Records contained in a dataset:
= Beginning of Section =

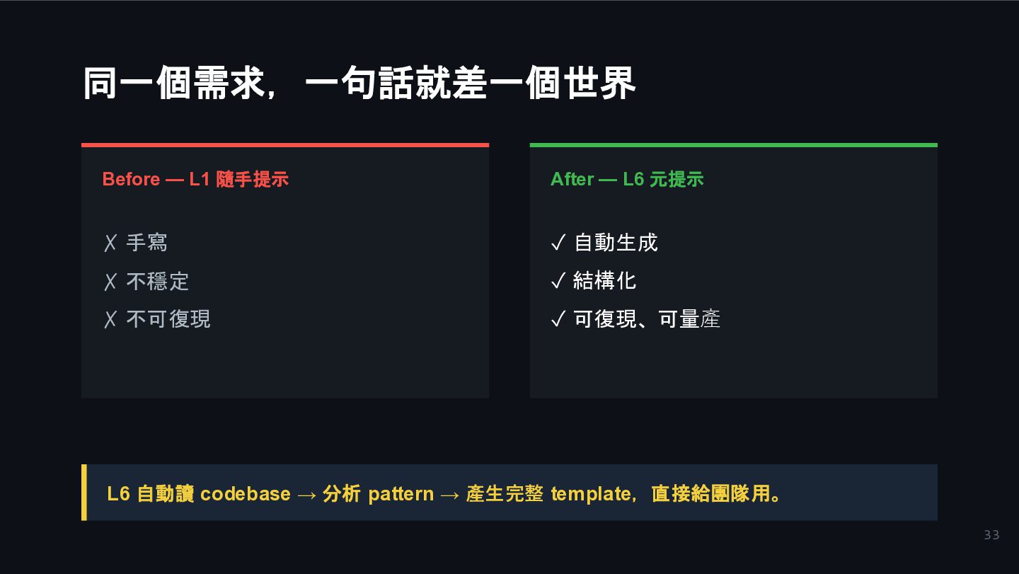 ✗ 不可復現 After — L6 元提示 ✓ 自動生成 ✓ 結構化 ✓ 可復現、可量產 L6 自動讀 codebase → 分析 pattern → 產生完整 template,直接給團隊用。
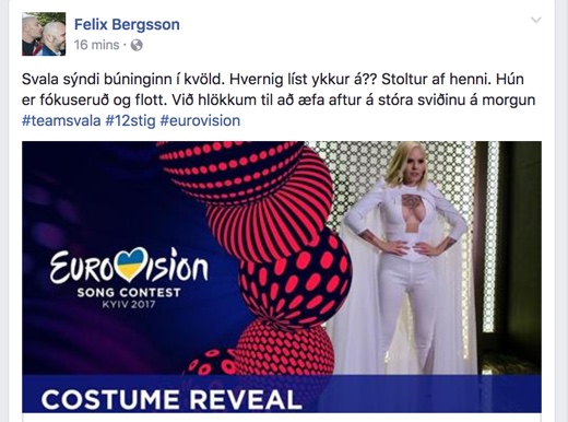 Felix Bergson, kynnir, getur ekki haldið aftur af spenningnum sem ríkir fyrir Eurovision þessa dagana og er stoltur af henni, en Svala tekur þátt í undankeppninni þann 9. maí næstkomandi. Hann spyr á Facebook:
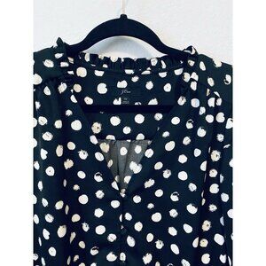 J Crew Top Womens 10 Black Painted Dot Peplum Satin Crepe 3/4 Sleeve Romantic
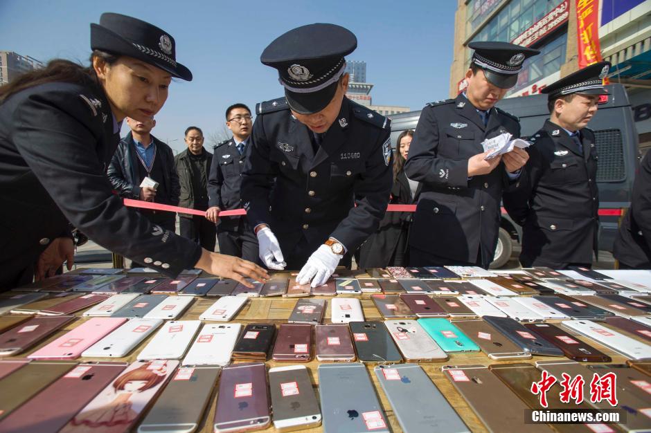 3月2日,山西太原警方發(fā)還民眾被盜手機。近日,太原市公安局偵破一個手機扒竊犯罪團伙,破獲案件200余起,追繳手機180余部。張云 攝
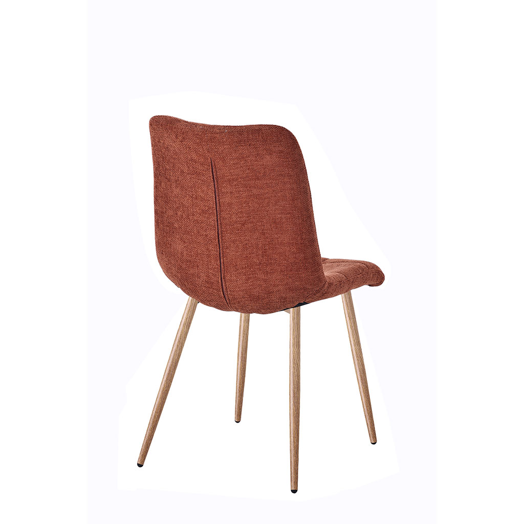 05 56 69 68 67-contact@fabriquedestyles.frChaise de salle à manger en tissu terracotta et pieds en métal effet bois - Oslo
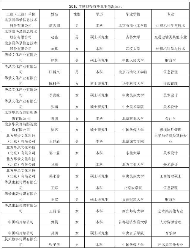 為確保中國華錄集團有限公司在京單位高校畢業(yè)生接收工作規(guī)范有序開展,現(xiàn)將在京單位提交的高校畢業(yè)生接收情況發(fā)布公示,接受社會監(jiān)督。公示期2015年9月28日-2015年10月12日。
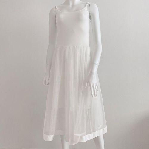 [에이치플러스몰]더블레이어 슬립 망사원피스 화이트
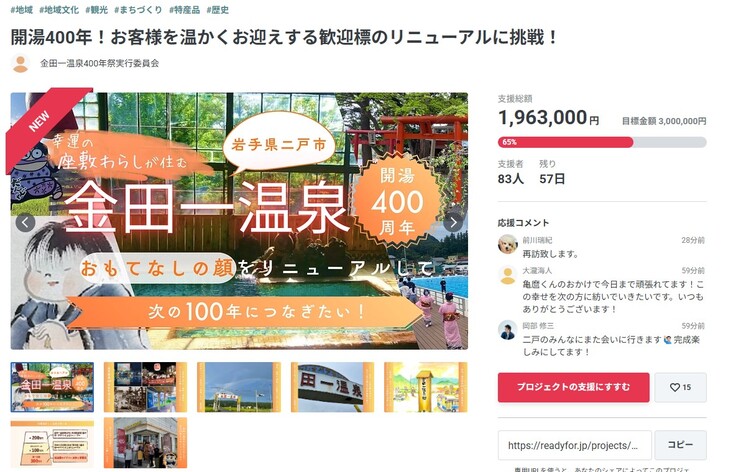 枋ノ木神社移転クラファンも金田一温泉温泉開湯400年クラファンもどちらも成功して二戸市を盛り上げていきたいと考えております!

= End of Section =

WORK TO BE COMPLETED: Please copy the data shown above, line by line and exactly, omitting the images.

FINISHED TASK:
 ✗ 不可復現 After — L6 元提示 ✓ 自動生成 ✓ 結構化 ✓ 可復現、可量產 L6 自動讀 codebase → 分析 pattern → 產生完整 template,直接給團隊用。
 Felix Bergson, kynnir, getur ekki haldið aftur af spenningnum sem ríkir fyrir Eurovision þessa dagana og er stoltur af henni, en Svala tekur þátt í undankeppninni þann 9. maí næstkomandi. Hann spyr á Facebook:
 J Crew Top Womens 10 Black Painted Dot Peplum Satin Crepe 3/4 Sleeve Romantic
 3月2日,山西太原警方發(fā)還民眾被盜手機。近日,太原市公安局偵破一個手機扒竊犯罪團伙,破獲案件200余起,追繳手機180余部。張云 攝
 05 56 69 68 67-contact@fabriquedestyles.frChaise de salle à manger en tissu terracotta et pieds en métal effet bois - Oslo
 為確保中國華錄集團有限公司在京單位高校畢業(yè)生接收工作規(guī)范有序開展,現(xiàn)將在京單位提交的高校畢業(yè)生接收情況發(fā)布公示,接受社會監(jiān)督。公示期2015年9月28日-2015年10月12日。
 [에이치플러스몰]더블레이어 슬립 망사원피스 화이트
 枋ノ木神社移転クラファンも金田一温泉温泉開湯400年クラファンもどちらも成功して二戸市を盛り上げていきたいと考えております!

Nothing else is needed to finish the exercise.